Uncertain Future for Trust Fund, PATCO Extension at Transportation Hearing
April 22nd, 2010 by Jay Corbalis
NJDOT Commissioner Jim Simpson and NJ Transit Executive Director Jim Weinstein went before the Senate Budget Committee today in Trenton to address some of the major issues confronting their respective agencies. The hearing began with a discussion of arguably the most pressing issue facing both agencies, the pending bankruptcy of the state’s Transportation Trust Fund. Commissioner Simpson confirmed that by the end of fiscal year 2011 (June 30th, 2011), the Transportation Trust Fund will be out of money for new projects, with all incoming revenue (approximately $895 million) going to service existing bonds, though he did note that, between federal dollars and state money already allocated, projects that are underway at that point would be able to continue. When asked how the administration is planning to address this situation, Simpson pointed to ideas for leasing some rest stops, increasing efficiency of Turnpike operations, and other cost saving measures, but conceded that at this point there was no plan to fully refund the Trust Fund.
Asked about specific revenue options, Commissioner Simpson stated emphatically that the Christie administration remained opposed to raising the gas tax, and that an increase in that tax would not be a component of any plan from the administration on how to address the Trust Fund. On the possibility of raising tolls, he noted that there is already a planned toll hike for the Turnpike and Parkway approved under the Corzine administration, though proceeds from that increase will not go to the Transportation Trust Fund. He also hinted that $895 million (the current amount of revenue from the Trust Fund used, through bonding, to pay for the State’s $1.6 billion annual transportation capital program) may not be the right target, though he would not say in which direction the true number lies.

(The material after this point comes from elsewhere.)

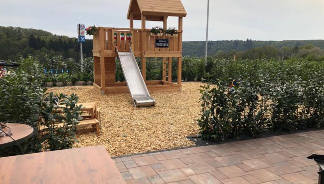Außenanlage mit Terrasse und Spielplatz für L‘Osteria Wertheim

Without ever mentioning it by name, the Commissioner also dealt a blow to the proposed extension of PATCO commuter rail into Gloucester County during his testimony. In the context of potential cost savings for the Transportation Trust Fund, Simpson said that proposed light rail extensions currently slated for TTF funding should be evaluated for their utility as transportation projects, rather than for political reasons, and that Bus Rapid Transit (BRT) could potentially be just as effective. He noted that the days of “build it and they will come” are over with regard to rail lines (a likely reference to the Camden to Trenton River Line), and suggested that the project should seek federal funding under the revised New Starts rules, which would be more favorable to NJ projects than previous rules (which Simpson was in charge of as the Administrator of the Federal Transit Administration under President Bush). These statements comport with statements Commissioner Simpson made during an interview with the Philadelphia Inquirer several weeks ago, when he said “The transportation system is broken. Politics drives the spending. There’s a lot of pork and payoffs: ‘Give me a rail project in the north and I’ll give you a rail project in the south.’ “
This comes as PATCO and the DRPA are moving forward with the rail line, holding public meetings to discuss the environmental impact statement (EIS), which is the next phase in the project.